2.4. Ligation of CH2 Fragments Containing Mutations with Phagemids

1. Restriction enzymes SfiI: see above.

2. T4 DNA Ligase, 400,000 units/ml (New England Biolabs, Ipswich, MA).

2.5. Purification, Concentration, and Desalting of Ligations

1. QIAquick PCR Purification Kit (Qiagen, Valencia, CA).

2. Centrifugal filter: Amicon Ultra-4 with a cutoff of 3,000 MW (Millipore, Billerica, MA).

2.6. Electroporations

1. TG1 electroporation-competent cells (Stratagene, La Jolla, CA).

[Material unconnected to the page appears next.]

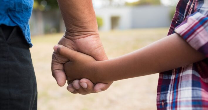 Pai de mãos dadas com filho, em foto que ilustra post sobre primeira infância. Reprodução: Wavebreakmedia/Envato.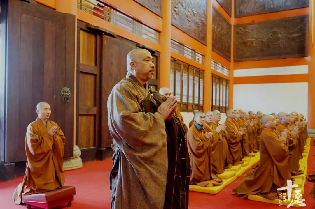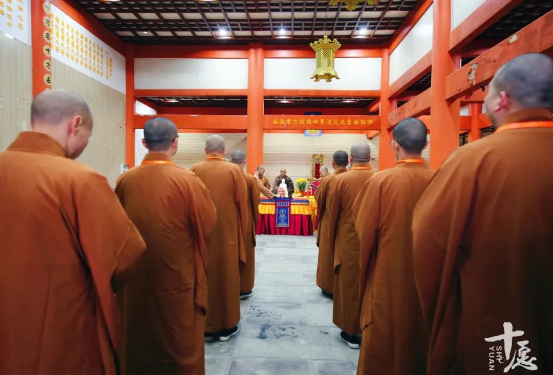 宣读启文后,新戒们向诸位引礼师父至诚顶礼,恭送知客师父回寮。

2. Gene Pulser/MicroPulser Cuvettes (Bio-Rad, Hercules, CA).

3. Gene Pulser (Bio-Rad, Hercules, CA).

4. S.O.C. Medium: 2% tryptone, 0.5% yeast extract, 10 mM sodium chloride, 2.5 mM KCl, 10 mM MgCl₂, 10 mM MgSO₄, 20 mM glucose.

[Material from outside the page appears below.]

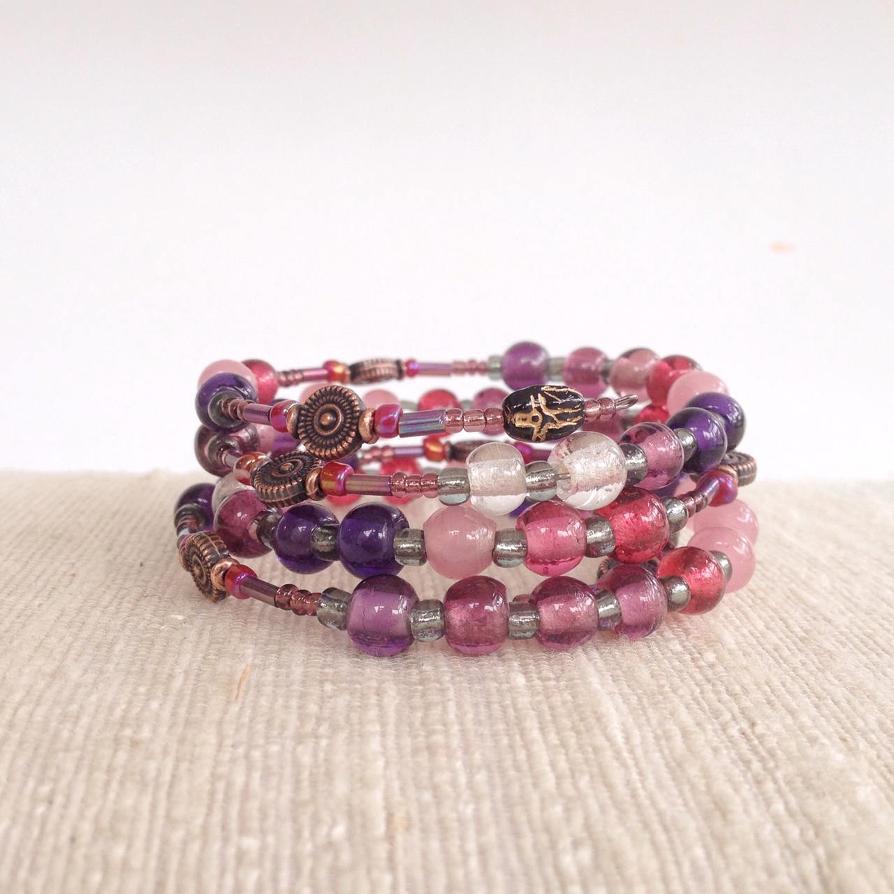 All of the adult bracelets are strung on 2 1/4″ memory wire and wrap 2 ½ to 5 times around, depending on the size of beads and design. Memory wire can be “stretched” if too tight by gently unbending the bracelet, a little at a time, all the way around its length.

2.7. Preparation of CH2-Based Library

1. 2× YT medium: see above.

2. Glucose (Sigma-Aldrich, St. Louis, MO): Stock 20% keep at room temperature, sterilized by filtration.

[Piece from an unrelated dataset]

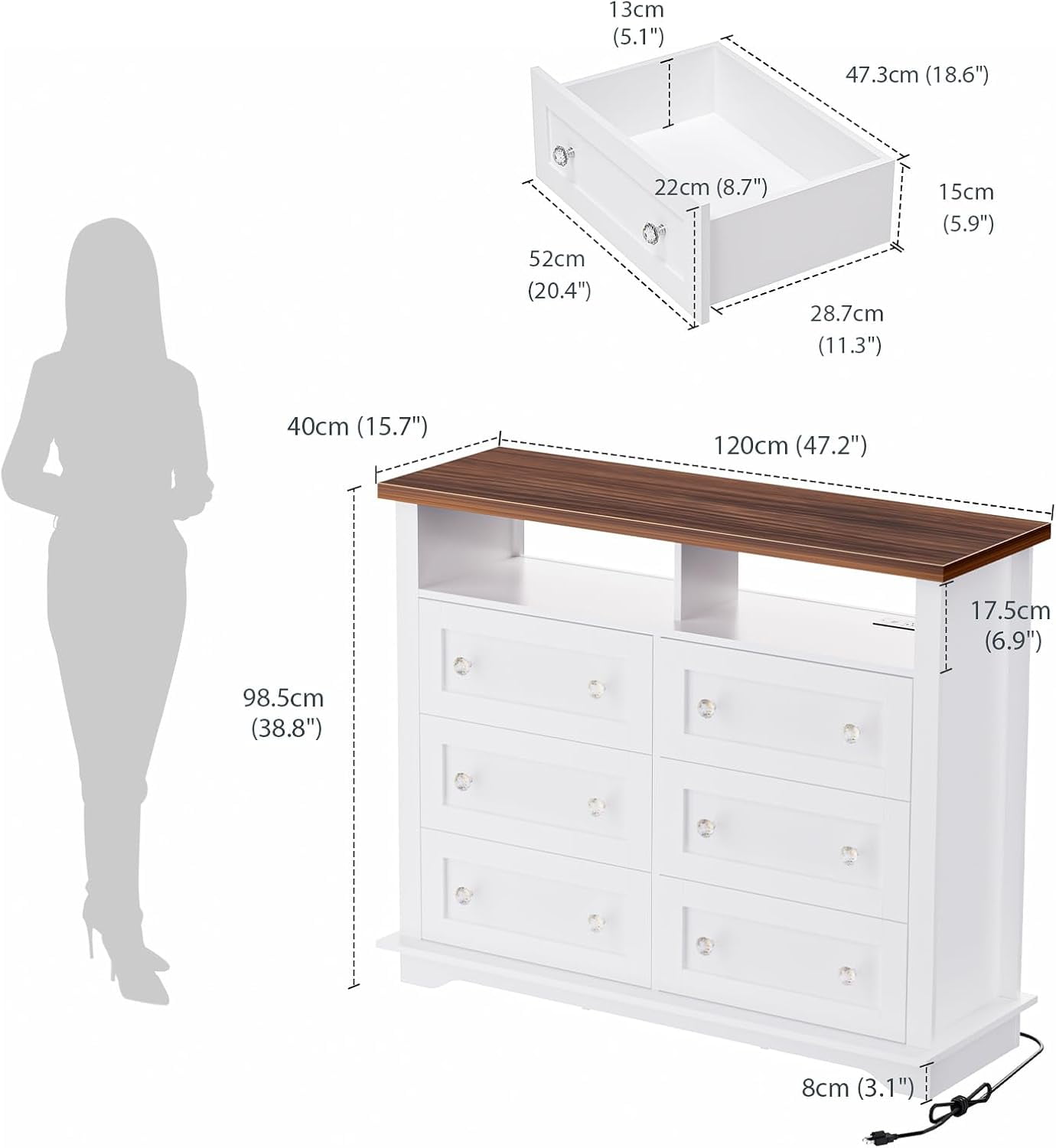 White Dresser with LED Lights, 6 Drawer Dresser with Power Outlet for Bedroom

3. M13KO7 helper phage (Invitrogen, Carlsbad, CA).

4. Antibiotics: 100 mg/ml ampicillin and 50 mg/ml kanamycin.

5. HiSpeed Plasmid Maxi Kit.

2.8. Primers for Construction of CH2 Mutant (m01) with Increased Stability

Omp: 5′ AAG ACA GCT ATC GCG ATT GCA G 3′
gIIIF: 5′ ATC ACC GGA ACC AGA GCC ACC AC 3′
L/C primer Fw: 5′ TCA GTC TTC TGC TTC CCC CCA AAA CCC AAG GAC 3′
L/C primer Rv: 5′ TGG GGG GAA GCA GAA GAC TGA CGG TCC CCC CAG 3′
K/C primer Fw: 5′ CCC ATC GAG TGC ACC ATC TCC AAA GCC AAA GGC 3′
K/C primer Rv: 5′ GGA GAT GGT GCA CTC GAT GGG GGC TGG GAG GGC 3′

2.9. Measurement of the Antibody Domain Stability

1. Circular dichroism (CD): AVIV Model 202 CD Spectrometer (Aviv Biomedical, NJ).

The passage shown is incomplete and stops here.